Extracted records Block Start

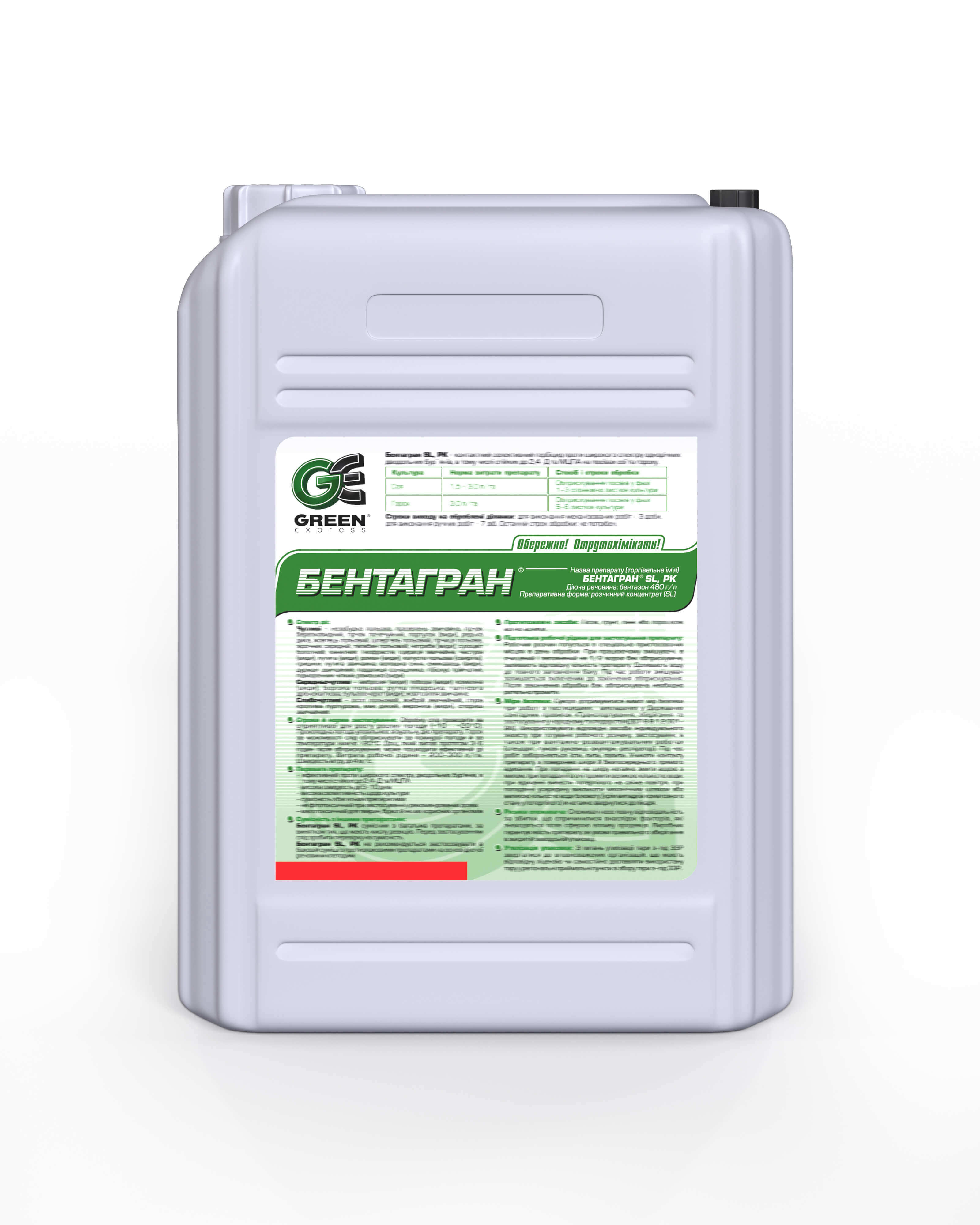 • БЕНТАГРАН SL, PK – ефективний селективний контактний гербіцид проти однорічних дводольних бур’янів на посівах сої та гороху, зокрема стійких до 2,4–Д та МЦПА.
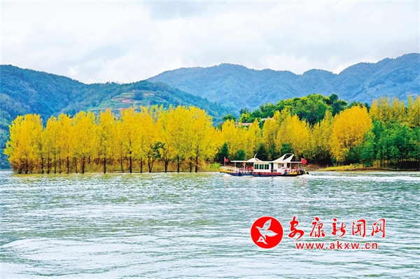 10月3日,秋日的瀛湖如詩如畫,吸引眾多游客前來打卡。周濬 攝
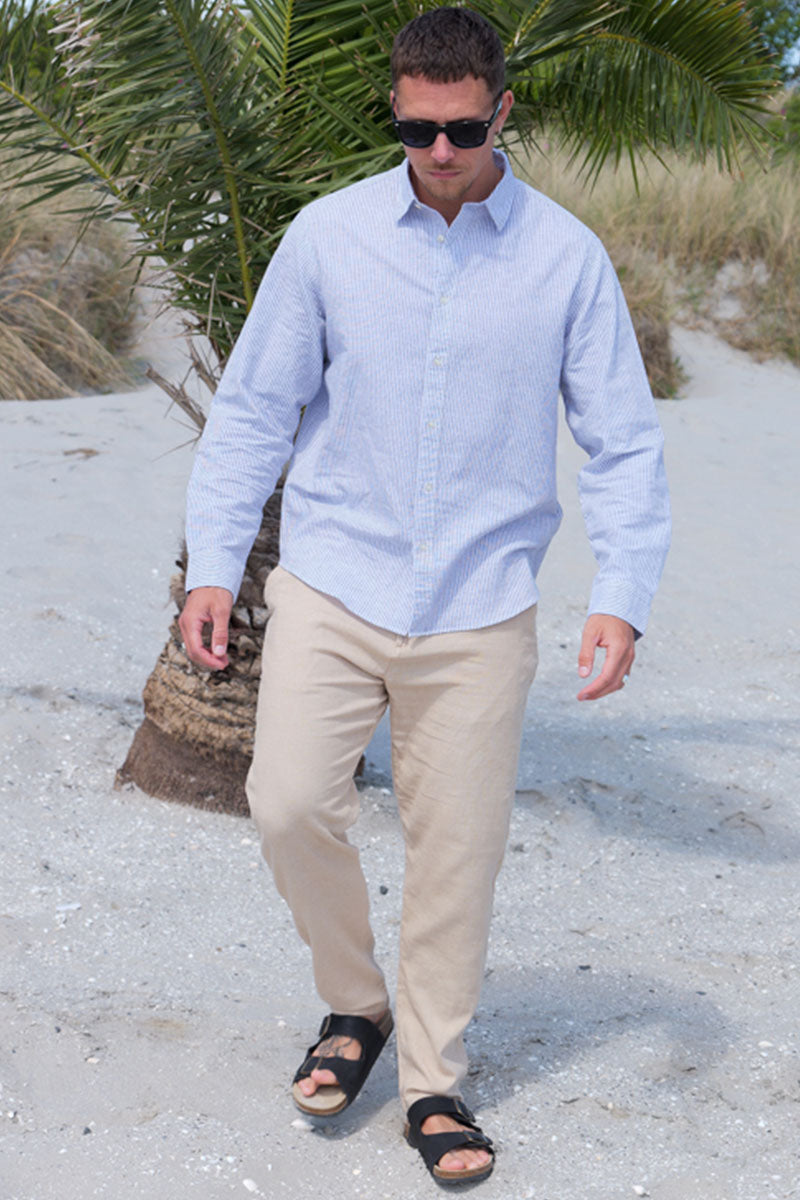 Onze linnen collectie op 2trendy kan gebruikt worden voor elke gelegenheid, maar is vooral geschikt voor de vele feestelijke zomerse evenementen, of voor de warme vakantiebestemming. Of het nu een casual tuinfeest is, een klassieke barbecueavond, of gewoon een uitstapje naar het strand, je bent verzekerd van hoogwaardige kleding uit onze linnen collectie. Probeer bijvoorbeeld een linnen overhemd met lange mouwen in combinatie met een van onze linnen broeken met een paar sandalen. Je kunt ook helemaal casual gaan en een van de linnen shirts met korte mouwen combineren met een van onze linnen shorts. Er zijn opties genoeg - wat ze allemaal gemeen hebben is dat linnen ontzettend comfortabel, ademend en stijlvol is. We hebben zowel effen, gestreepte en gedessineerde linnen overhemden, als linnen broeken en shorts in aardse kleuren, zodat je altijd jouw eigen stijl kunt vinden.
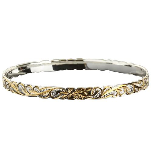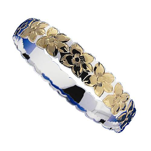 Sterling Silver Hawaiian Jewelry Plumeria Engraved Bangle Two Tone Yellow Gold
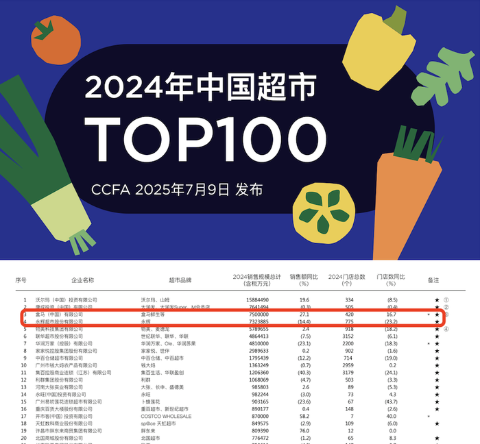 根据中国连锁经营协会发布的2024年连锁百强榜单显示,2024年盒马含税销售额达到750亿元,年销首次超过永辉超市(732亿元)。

Extracted records Block End

Task directions
Give again, exactly, the lines starting at the first entry above and ending at the line with "10月3日,秋日的瀛湖如詩如畫,吸引眾多游客前來打卡。周濬 攝"; please leave pictures out.

Completed task
 • БЕНТАГРАН SL, PK – ефективний селективний контактний гербіцид проти однорічних дводольних бур’янів на посівах сої та гороху, зокрема стійких до 2,4–Д та МЦПА.
 10月3日,秋日的瀛湖如詩如畫,吸引眾多游客前來打卡。周濬 攝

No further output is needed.